早死長公主穿越十年後,被團寵了 第295章抓不住的異樣思緒

作者:姜桃李

# 第295章抓不住的異樣思緒

羅城這才恍然,難怪攝政王會隨長公主殿下親臨北疆。

  原來是這般關係!

  他立刻壓下心中驚濤,再次抱拳,聲音洪亮,充滿了真誠的祝福:「末將……恭賀殿下與駙馬爺喜結連理,永結同心!此乃我大昭之福!」

  「多謝羅將軍吉言。」

  李昭月和顧之栩相視一笑,眼中情意綿綿。

  李昭月收斂笑容,正色道:「出徵事宜,還需羅將軍多多費心籌劃。不過,此次徵討北狄,本宮……打算親自掛帥。」

  羅城聞言,下意識地就想勸阻——千金之子坐不垂堂。

  何況是尊貴的長公主、未來的攝政王妃?

  但話到嘴邊,他又咽了回去。

  他想起了十年前,那個身著銀甲、手持長槍、如同戰神般衝鋒在前的少女統帥;

  想起了她帶領北疆軍,以少勝多、以弱勝強,打得北狄聞風喪膽的赫赫威名。

  如今的她,氣勢更盛,目光更厲,那份久經沙場的殺伐決斷,甚至比當年更甚。

  阻攔她,或許反而是對她能力的不信任,對她決心的輕慢。

  最終,他再次抱拳,斬釘截鐵,聲音裡充滿了信任與追隨:「殿下武功謀略,冠絕三軍!末將……願為殿下效勞,鞍前馬後,共同為我大昭,開拓這萬世不易之太平盛世!」

  ***

  從軍務大營離開時,已是日上中天。

  簡單用了些午膳,李昭月心中記掛,再次前往主帥營帳探望李寒鬱。

  他依舊靜靜地躺在那裡,呼吸平穩,卻絲毫沒有甦醒的跡象。

  令李昭月微微蹙眉的是,顧臨安竟然還在帳內守著,姿勢幾乎與清晨時別無二致,仿佛一尊凝固的雕塑。

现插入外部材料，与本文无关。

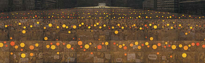青瓦台挂烛光集会巨幅画作 画家曾被朴槿惠政府“拉黑”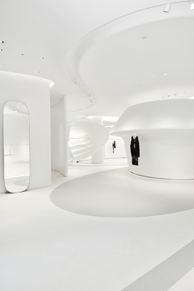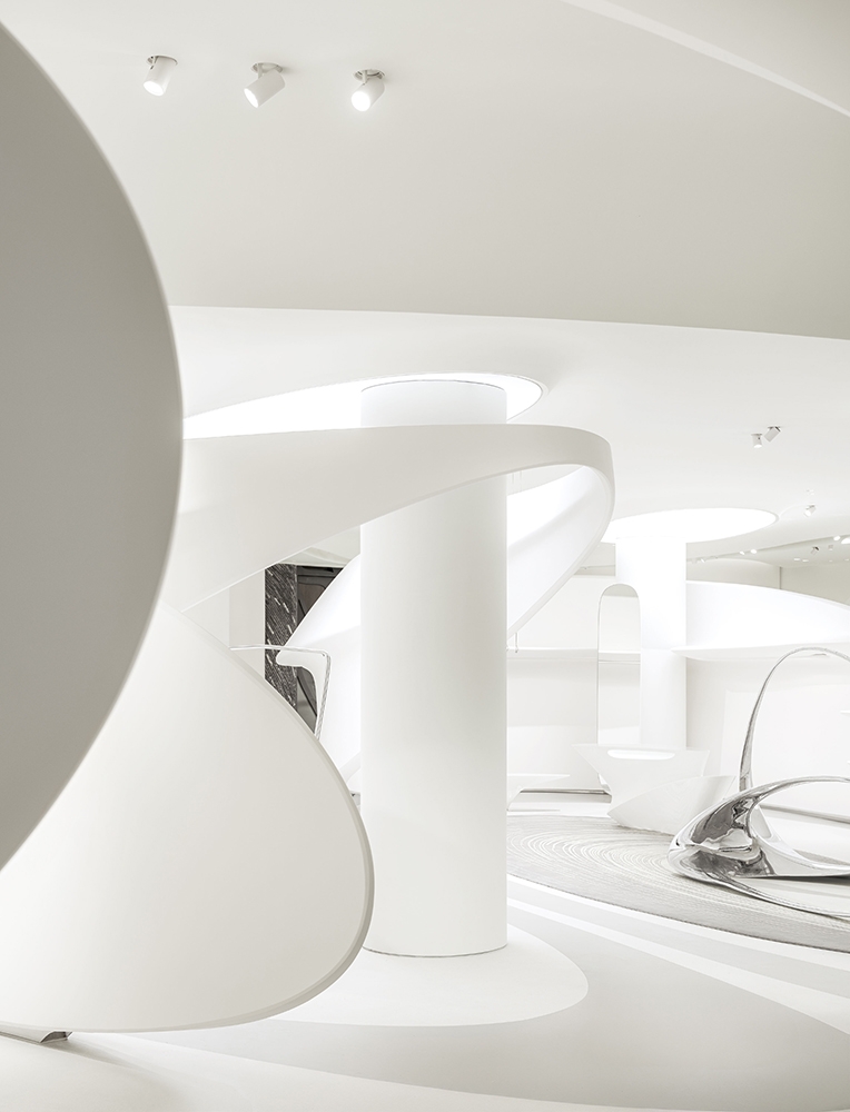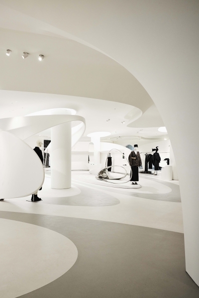 Featuring the main flagship store, a pop-up store for temporary exhibitions and events, a homeware gallery for décor and furniture, as well as a café and an outdoor courtyard, this showroom design embodies a unifying architectural language of dynamism, with distinct elements unique to each label.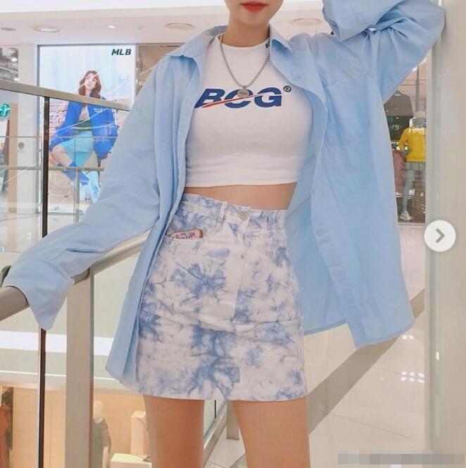 今年最流行的扎染就很适合用来搭配露脐装,搭配上同色简约字母的露脐装,实在是很韩妹ins风。外披一件蓝色衬衫,就能够遮住两侧有小赘肉的妹子啦。整体都是以蓝白为主,蓝白色的搭配更加的清爽夏日。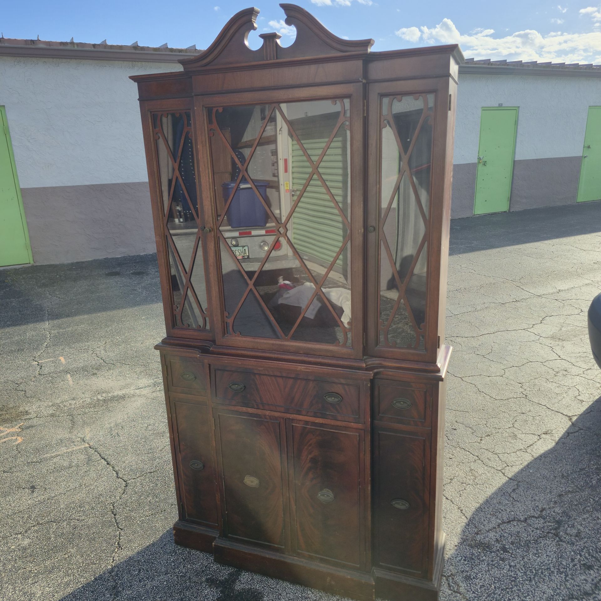 Vintage Ebert Mahogany Secretary & China Hutch Beautiful mid-century flame mahogany breakfront made by Ebert Furniture Co. (Red Lion, PA). Features a pull-down secretary desk, glass display doors with decorative wood lattice, and ample lower storage. Perfect for a home office or dining room. Style: Colonial Revival Details: Swan-neck pediment, original brass hardware, and elegant wood grain. Condition: Good vintage condition with minor surface wear consistent with age. Price: $450 OBO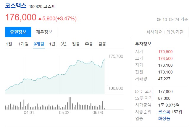 변동성: 화장품 시장은 트렌드 변화에 민감하며 경쟁이 치열하기 때문에 주가 변동성이 클 수 있습니다.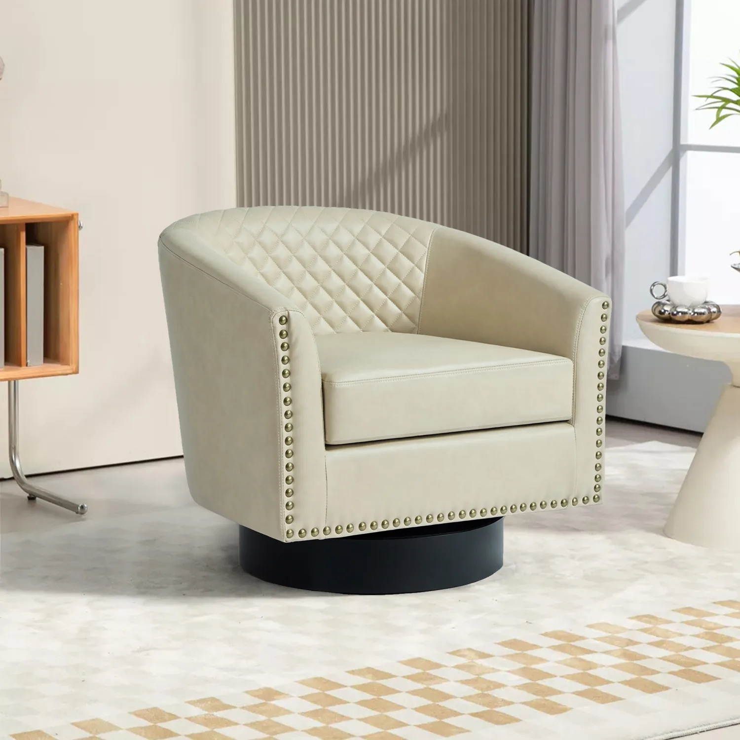 Let yesterday’s craftsmanship cues show up today with our Tandier Quilted Diamond Faux Leather Swivel Barrel Chair. The rounded barrel back is diamond-quilted for tailored texture and an easy, loungey hug. Padded arms and a thick seat cushion layer foam and coils for sink-in comfort with steady bounce. Brass-tone nailhead trim outlines the faux leather, adding vintage shine while staying simple to wipe clean. A dark round base swivels smoothly, so you can turn toward guests, the TV, or your next chapter without moving the chair.

  身為北疆副將,軍中事務繁重,尤其是在羅城接掌主帥權責、整軍備戰的當下,他豈能一直在此「擅離職守」?

  即便關心將軍安危,也該分個輕重緩急。

  李昭月心中升起一絲疑慮,但又想到或許是他與李寒鬱感情深厚,一時難以接受,便暫且壓下,沒有進去打擾,轉身去尋顧之栩。

  她也覺得人生能得這樣一位摯友,是十分難能可貴的。

  將情況與顧之栩說了,顧之栩聽後,臉上露出一抹瞭然的無奈,輕輕嘆了口氣:「我去與他說說。」

  不久後,顧臨安果然跟著顧之栩從主帥營帳走了出來。

  只是他的模樣,讓等在帳外的李昭月吃了一驚。

  先前營帳內光線昏暗,她並未細看。

  此刻在明亮的日光下,只見顧臨安面色憔悴不堪,眼下一片濃重的青黑,嘴唇乾裂,下巴和腮邊冒出了不少胡茬,頭髮也有些蓬亂。

  整個人像是熬了幾天幾夜,又像是經歷了一場大病,與平日那個冷峻英挺、一絲不苟的顧副將判若兩人。

  「怎麼搞成這副樣子?」李昭月不由關切地問道,「可是身體不適?」

  顧臨安微微低下頭,避開她探究的目光,聲音帶著明顯的疲憊和沙啞,含糊道:「回殿下,末將……只是這兩日沒休息好,有些乏了。睡一覺便好,無礙。」

  李昭月見他神色躲閃,不欲多言,便也不再追問,點點頭,轉而吩咐正事:「你去好好休息吧。醒了之後,便去尋羅將軍。」

  「本宮已將主帥軍權暫時交予羅將軍,統籌出徵事宜。你身為副將,當全力配合,與他商議具體進軍方略、兵力調配等事。北狄,我們這次是打定了!」

  顧臨安聞言,眼中閃過一絲微不可察的瞭然,似乎對此早有預料。

  他抱拳應道:「是,殿下。末將明白了。末將先行告退。」

  看著顧臨安拖著沉重步伐離開的背影,那背影在秋日的陽光下,竟透出一股說不出的孤寂與蕭索。

  李昭月心頭那點異樣的感覺越發明顯。

  她總覺得哪裡不對勁,卻又抓不住頭緒。

  顧之栩站在她身旁,目光複雜地望了一眼弟弟遠去的方向,又看了看眉宇間帶著困惑的李昭月。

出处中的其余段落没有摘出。